## Work to be completed
Go through the data below and copy it exactly, skipping every picture.

[Saved entries]
== == ==

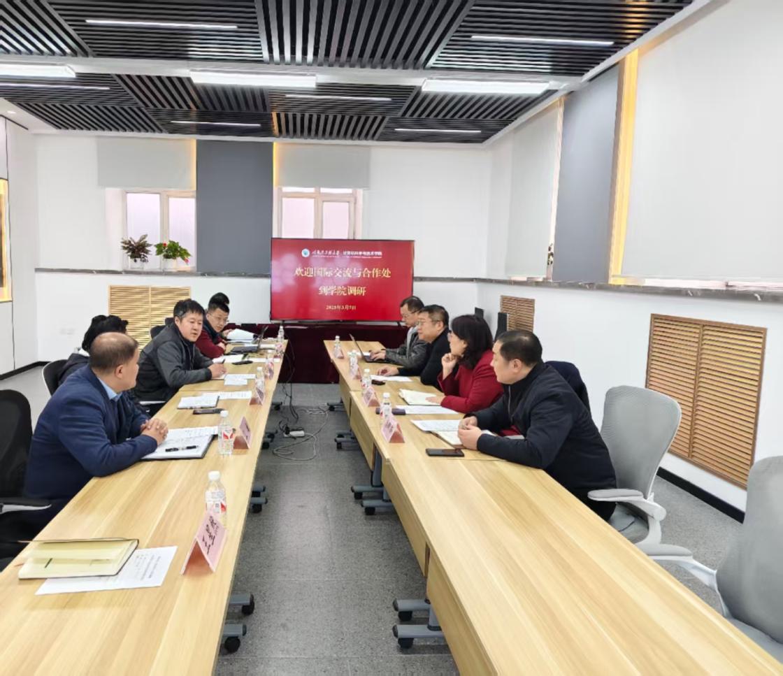 孙荣平书记对国际处领导的到来表示欢迎。田凯副院长就太阳集团tyc539国际交流与合作情况、2024年办学水平提升国际化各项指标完成情况以及2025年及“十五五”时期学院国际化总体思路、站位及目标举措进行汇报。吴艳霞副院长和王巍副院长针对研究生培养和本科生培养的国际化办学进行补充。
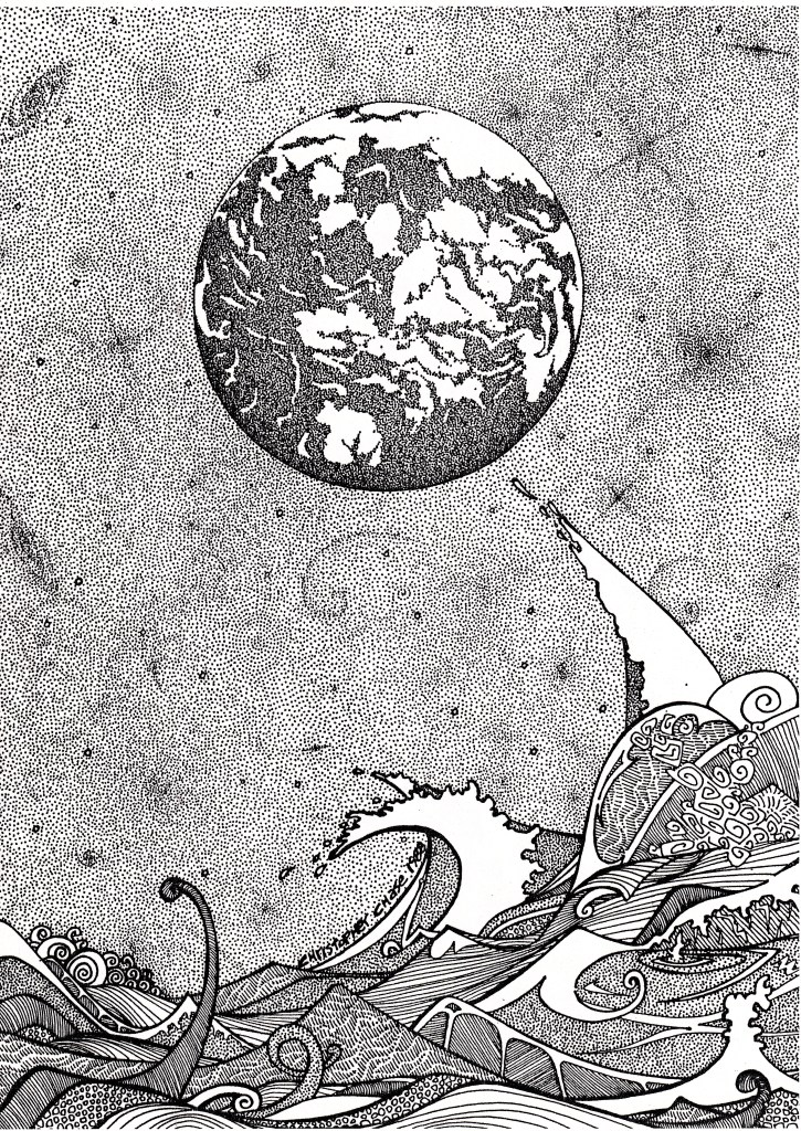 The drawing below was actually done first. I felt the sphere represented the unity and wholeness of our Earth when we step back, while the lines represent the complexity we experience when we come in close. I also felt the drawing was similar to a mother’s womb or egg, representing the hidden creativeness of life within life. The image above has similar meaning, although the plant leaves definitely represent the mysterious beauty of growth.
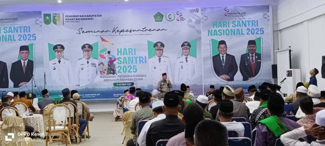 Kegiatan yang digelar dalam rangka peringatan Hari Santri Nasional 2025 ini turut dihadiri Anggota DPR RI, Anggota MPR RI, Kepala Kanwil Kemenag Provinsi Riau, unsur Forkopimda Kuansing, Sekretaris Daerah (Sekda) Kuansing, Staf Ahli Bupati, para Kepala OPD, Camat se-Kabupaten Kuansing, serta pimpinan pondok pesantren dari berbagai daerah di Riau.
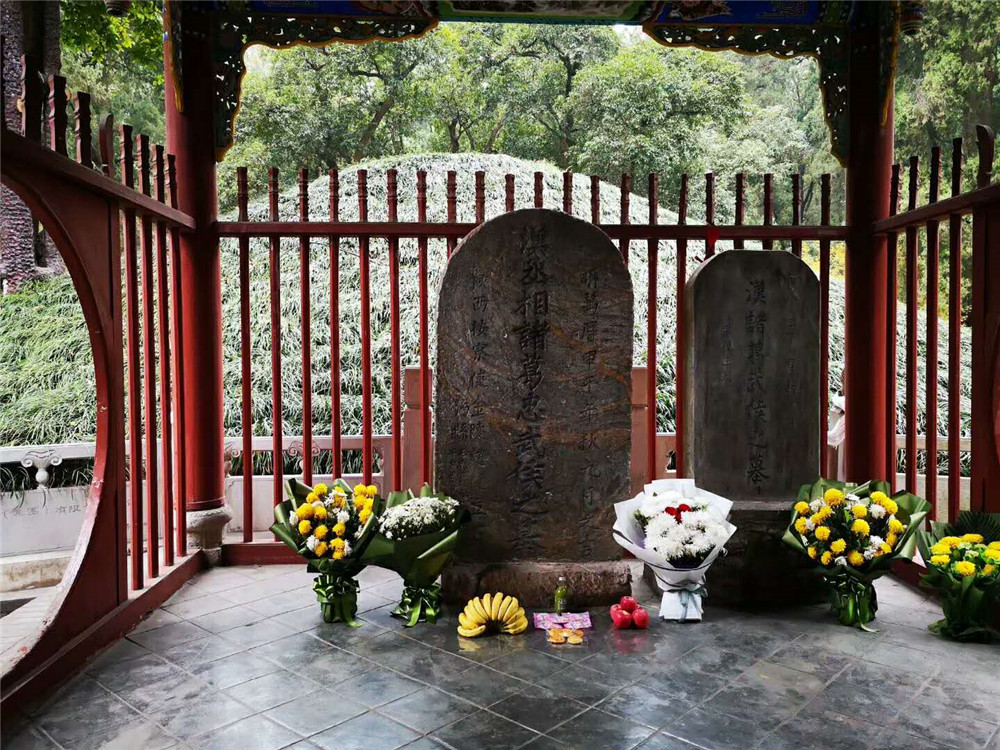 建興十二年(234年)八月,諸葛亮病故于五丈原(寶雞境內),享年五十四歲,遺言命令部下將自己葬在漢中定軍山,依山勢修建墳墓,墓穴僅能容納下棺材,穿平時的衣服入殮,不必用其他器物殉葬。遂歸葬勉縣定軍山腳下武侯墓。
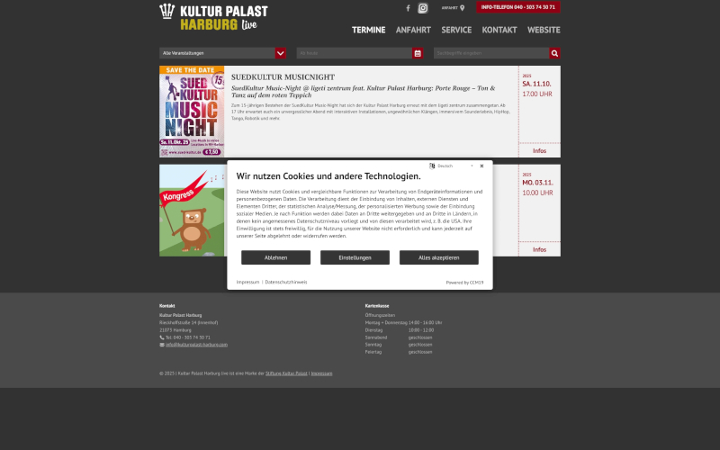 CCM19 bietet Veranstaltungsorten eine datenschutzkonforme, flexible und benutzerfreundliche Lösung, um die Einwilligung ihrer Website-Besucher zu verwalten. Mit Servern in Deutschland, die eine hohe Datensicherheit garantieren und unabhängig von US-Anbietern wie AWS oder Google Cloud sind, stellt CCM19 sicher, dass Ihre Daten unter strengsten Datenschutzbedingungen gespeichert werden.
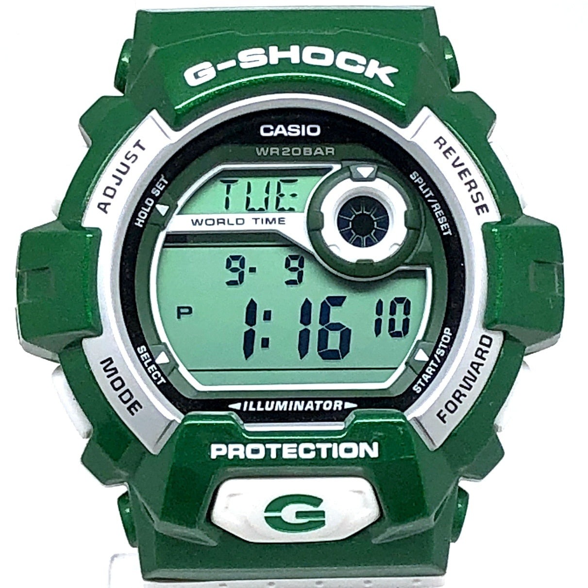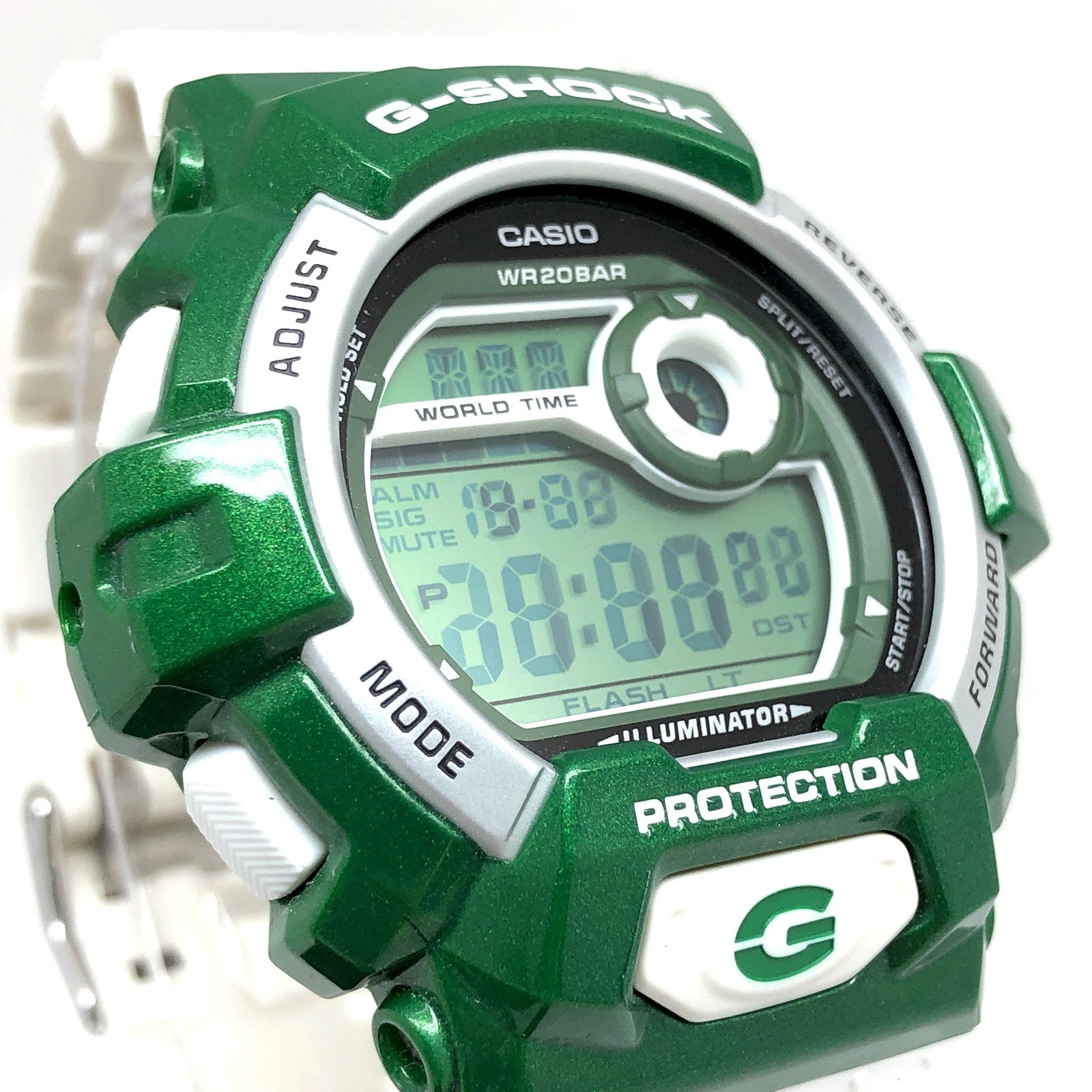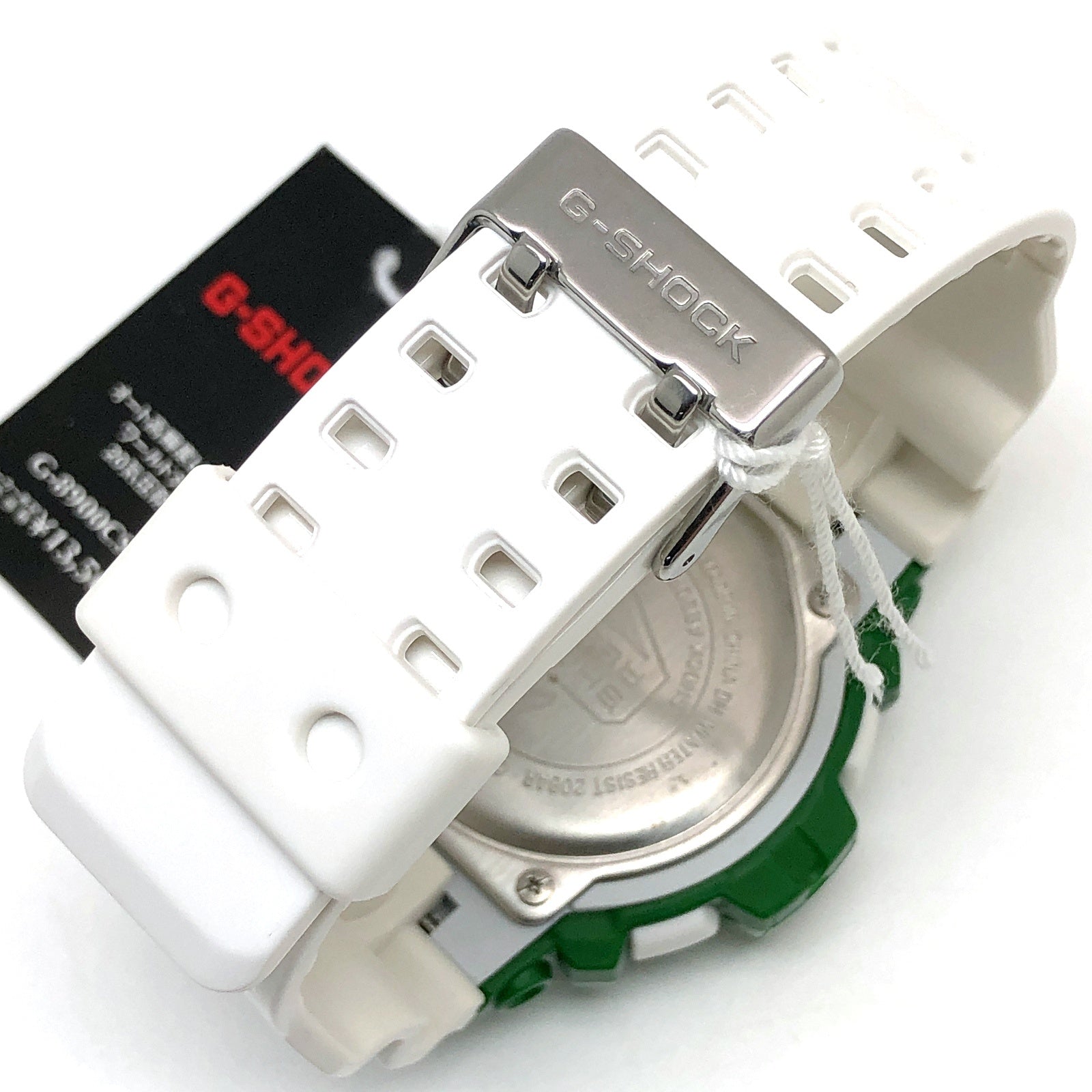 コメント | 2014年7月に発売された「Crazy Colors(クレイジーカラーズ)」。ベースにはアルミのベゼルリングが採用されたビッグケースのデジタルモデルG-8900を採用。ベゼルにはメタリック塗装が施されたグリーンを、バンドには光沢塗装が施されたホワイトが配色され、液晶にもグリーンが採用されています。強烈な個性を放つカラーリングが魅力的なG-SHOCKです。 |

== == ==

## Task answer
 孙荣平书记对国际处领导的到来表示欢迎。田凯副院长就太阳集团tyc539国际交流与合作情况、2024年办学水平提升国际化各项指标完成情况以及2025年及“十五五”时期学院国际化总体思路、站位及目标举措进行汇报。吴艳霞副院长和王巍副院长针对研究生培养和本科生培养的国际化办学进行补充。
 The drawing below was actually done first. I felt the sphere represented the unity and wholeness of our Earth when we step back, while the lines represent the complexity we experience when we come in close. I also felt the drawing was similar to a mother’s womb or egg, representing the hidden creativeness of life within life. The image above has similar meaning, although the plant leaves definitely represent the mysterious beauty of growth.
 Kegiatan yang digelar dalam rangka peringatan Hari Santri Nasional 2025 ini turut dihadiri Anggota DPR RI, Anggota MPR RI, Kepala Kanwil Kemenag Provinsi Riau, unsur Forkopimda Kuansing, Sekretaris Daerah (Sekda) Kuansing, Staf Ahli Bupati, para Kepala OPD, Camat se-Kabupaten Kuansing, serta pimpinan pondok pesantren dari berbagai daerah di Riau.
 建興十二年(234年)八月,諸葛亮病故于五丈原(寶雞境內),享年五十四歲,遺言命令部下將自己葬在漢中定軍山,依山勢修建墳墓,墓穴僅能容納下棺材,穿平時的衣服入殮,不必用其他器物殉葬。遂歸葬勉縣定軍山腳下武侯墓。
 CCM19 bietet Veranstaltungsorten eine datenschutzkonforme, flexible und benutzerfreundliche Lösung, um die Einwilligung ihrer Website-Besucher zu verwalten. Mit Servern in Deutschland, die eine hohe Datensicherheit garantieren und unabhängig von US-Anbietern wie AWS oder Google Cloud sind, stellt CCM19 sicher, dass Ihre Daten unter strengsten Datenschutzbedingungen gespeichert werden.
 コメント | 2014年7月に発売された「Crazy Colors(クレイジーカラーズ)」。ベースにはアルミのベゼルリングが採用されたビッグケースのデジタルモデルG-8900を採用。ベゼルにはメタリック塗装が施されたグリーンを、バンドには光沢塗装が施されたホワイトが配色され、液晶にもグリーンが採用されています。強烈な個性を放つカラーリングが魅力的なG-SHOCKです。 |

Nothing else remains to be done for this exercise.